A gdyby tak przestępcy połączyli siły i pokonali superbohaterów? Gdyby świat opanowało zło i nie było cienia nadziei na lepsze jutro? I gdyby Wolverine nie chciał więcej wysuwać swoich szponów? Właśnie taki świat ukazany został w komiksie Wolverine. Staruszek Logan.
Porzućcie wszelką nadzieję…
Red Skull, Kingpin, Mysterio, Magneto oraz cała reszta superzłoczyńców postanowiła połączyć siły, uderzyć w jednym momencie i zetrzeć w proch superbohaterów. I ta sztuka im się udała. Na świecie nie ma już Kapitana Ameryki, Iron Mana, Spider-Mana czy Cyclopsa. Od tamtego starcia minęło prawie pięćdziesiąt lat. Starzy przestępcy, jeśli nadal żyją, siedzą w swoich apartamentach i umacniają swą władzę. Na świecie pojawiają się nowi. Ponieważ ludzie żyją na skraju ubóstwa, niezbędna jest walka o przetrwanie. Wszyscy tu nie mają skrupułów. Przetrwają tylko najsilniejsi. Na tej postapokaliptycznej Ziemi żyje jednak jeden z ostatnich członków X-Menów i Avengersów, czyli Wolverine. Od lat nie wysuwał swoich szponów.
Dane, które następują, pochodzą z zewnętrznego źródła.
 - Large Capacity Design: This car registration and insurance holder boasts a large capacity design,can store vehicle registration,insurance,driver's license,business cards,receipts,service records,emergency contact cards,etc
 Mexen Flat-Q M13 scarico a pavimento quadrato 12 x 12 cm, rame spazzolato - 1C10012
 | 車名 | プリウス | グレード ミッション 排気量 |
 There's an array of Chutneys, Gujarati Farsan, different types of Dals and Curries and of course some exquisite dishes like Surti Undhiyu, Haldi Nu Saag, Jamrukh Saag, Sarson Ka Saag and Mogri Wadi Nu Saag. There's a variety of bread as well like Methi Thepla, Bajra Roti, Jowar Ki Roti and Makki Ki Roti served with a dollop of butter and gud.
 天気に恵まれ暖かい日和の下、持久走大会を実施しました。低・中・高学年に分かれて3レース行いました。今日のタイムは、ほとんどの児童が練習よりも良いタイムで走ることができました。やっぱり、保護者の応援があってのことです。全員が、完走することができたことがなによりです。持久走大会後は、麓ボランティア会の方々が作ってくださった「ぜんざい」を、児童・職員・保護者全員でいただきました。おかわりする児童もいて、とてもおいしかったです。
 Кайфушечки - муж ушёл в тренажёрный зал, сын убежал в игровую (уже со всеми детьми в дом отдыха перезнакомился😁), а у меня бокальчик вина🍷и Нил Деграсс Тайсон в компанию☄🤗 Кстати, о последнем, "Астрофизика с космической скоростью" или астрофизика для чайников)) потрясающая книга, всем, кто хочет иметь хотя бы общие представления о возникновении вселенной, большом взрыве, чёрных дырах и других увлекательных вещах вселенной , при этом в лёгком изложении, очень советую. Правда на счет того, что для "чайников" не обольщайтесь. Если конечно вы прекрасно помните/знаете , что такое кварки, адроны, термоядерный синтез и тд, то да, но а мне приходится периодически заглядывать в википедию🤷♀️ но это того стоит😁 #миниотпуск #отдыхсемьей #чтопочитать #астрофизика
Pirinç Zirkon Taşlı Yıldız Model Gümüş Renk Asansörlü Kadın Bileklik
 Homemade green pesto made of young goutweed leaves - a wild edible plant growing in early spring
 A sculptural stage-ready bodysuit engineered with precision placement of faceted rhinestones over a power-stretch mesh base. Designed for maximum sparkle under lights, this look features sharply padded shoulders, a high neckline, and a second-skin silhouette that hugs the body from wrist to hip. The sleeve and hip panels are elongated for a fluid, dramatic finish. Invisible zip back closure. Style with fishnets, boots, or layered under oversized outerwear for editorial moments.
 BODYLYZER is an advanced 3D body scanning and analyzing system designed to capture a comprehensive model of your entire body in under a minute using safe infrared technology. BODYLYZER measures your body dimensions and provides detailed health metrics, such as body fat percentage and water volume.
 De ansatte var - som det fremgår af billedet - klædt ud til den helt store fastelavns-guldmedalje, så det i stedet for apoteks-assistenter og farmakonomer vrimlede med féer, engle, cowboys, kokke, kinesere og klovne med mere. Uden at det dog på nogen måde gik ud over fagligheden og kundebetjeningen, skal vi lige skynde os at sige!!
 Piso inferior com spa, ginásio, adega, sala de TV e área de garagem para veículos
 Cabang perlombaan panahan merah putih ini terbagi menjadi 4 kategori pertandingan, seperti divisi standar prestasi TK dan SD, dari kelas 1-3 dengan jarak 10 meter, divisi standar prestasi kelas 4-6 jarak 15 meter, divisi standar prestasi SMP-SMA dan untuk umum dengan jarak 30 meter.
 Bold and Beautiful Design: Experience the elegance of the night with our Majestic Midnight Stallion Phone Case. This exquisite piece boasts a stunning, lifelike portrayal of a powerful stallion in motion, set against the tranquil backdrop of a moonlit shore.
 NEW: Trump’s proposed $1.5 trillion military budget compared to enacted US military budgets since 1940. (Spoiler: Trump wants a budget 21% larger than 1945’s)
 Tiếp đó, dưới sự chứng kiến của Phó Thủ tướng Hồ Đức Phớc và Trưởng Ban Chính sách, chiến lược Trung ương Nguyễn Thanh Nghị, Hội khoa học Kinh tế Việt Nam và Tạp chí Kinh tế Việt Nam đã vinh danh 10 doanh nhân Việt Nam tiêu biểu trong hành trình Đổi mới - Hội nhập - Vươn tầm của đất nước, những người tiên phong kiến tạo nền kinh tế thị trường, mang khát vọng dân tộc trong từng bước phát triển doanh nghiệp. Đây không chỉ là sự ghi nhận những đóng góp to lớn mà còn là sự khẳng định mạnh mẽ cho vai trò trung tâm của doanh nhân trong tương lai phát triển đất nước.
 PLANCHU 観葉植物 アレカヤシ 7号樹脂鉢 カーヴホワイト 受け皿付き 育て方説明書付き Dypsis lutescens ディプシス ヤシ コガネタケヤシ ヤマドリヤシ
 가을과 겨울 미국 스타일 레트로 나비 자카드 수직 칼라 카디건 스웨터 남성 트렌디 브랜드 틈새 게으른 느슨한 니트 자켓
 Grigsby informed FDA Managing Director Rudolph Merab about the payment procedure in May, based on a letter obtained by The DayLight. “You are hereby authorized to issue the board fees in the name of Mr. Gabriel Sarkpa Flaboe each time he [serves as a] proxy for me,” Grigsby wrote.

Zamiast tego żyje na farmie z żoną i dwójką dzieci, uprawiając rolę. Prowokowany nawet nie próbuje się bronić. Nie pozwala mu na to jego mroczna przeszłość. Pewnego dnia zjawia się u niego dawny znajomy, jeden z ostatnich ocalałych bohaterów – Hawkeye. Proponuje Loganowi, aby wspólnie wyruszyli z pewną tajemniczą misją. Wizja zarobienia gotówki, której aktualnie brakuje Rosomakowi, sprawia, że godzi się na propozycję i wkrótce obaj staruszkowie wyruszają przez Stany Zjednoczone, aby dostarczyć paczkę pewnemu człowiekowi.
Bardziej i mniej spodziewane
Wolverine. Staruszek Logan to komiks pełen paradoksów. Z jednej strony doskonale wiemy, jak się zakończy. Możemy przewidzieć, do czego posunie się zarówno sam Rosomak, jak i jego przeciwnicy. A jednak trzyma nas w napięciu i potrafi mimo wszystko zaskoczyć. Najciekawszym twistem fabularnym, a jednocześnie tajemnicą, na której odkrycie czekamy, jest to, dlaczego Logan postanowił nigdy więcej nie wysuwać swoich szponów. Kiedy już dowiadujemy się, w jaki sposób wrogowie złamali Wolverine’a, jednocześnie nie dowierzamy i mu współczujemy. Ale też liczymy, że wreszcie zmieni on zdanie i skopie tyłek komu trzeba.
Na dużą pochwałę zasługuje tu utrzymanie odpowiedniego klimatu. Jest on gęsty, ciężki i mroczny. Świat zniszczony przez złoczyńców, wyjałowiony, pełen wychudzonych i brudnych ludzi sprawia, że możemy poczuć przygnębienie. Ta postapokaliptyczna wizja świata nie należy do najwspanialszych. Całości dopełnia ciągły rozlew krwi. Komiks skierowany jest do osób pełnoletnich. Twórcy nie zawahali się w nim pokazać śmierci poprzez dekapitacje, rozrywanie na strzępy czy rozstrzeliwanie. Członki ciała i wnętrzności co rusz latają przed naszymi oczyma, choć przyznać należy, że nie na samej masakrze ten zeszyt się opiera. Udało się więc zbalansować proporcje pomiędzy przygnębiającym widokiem nędzy a rzezią.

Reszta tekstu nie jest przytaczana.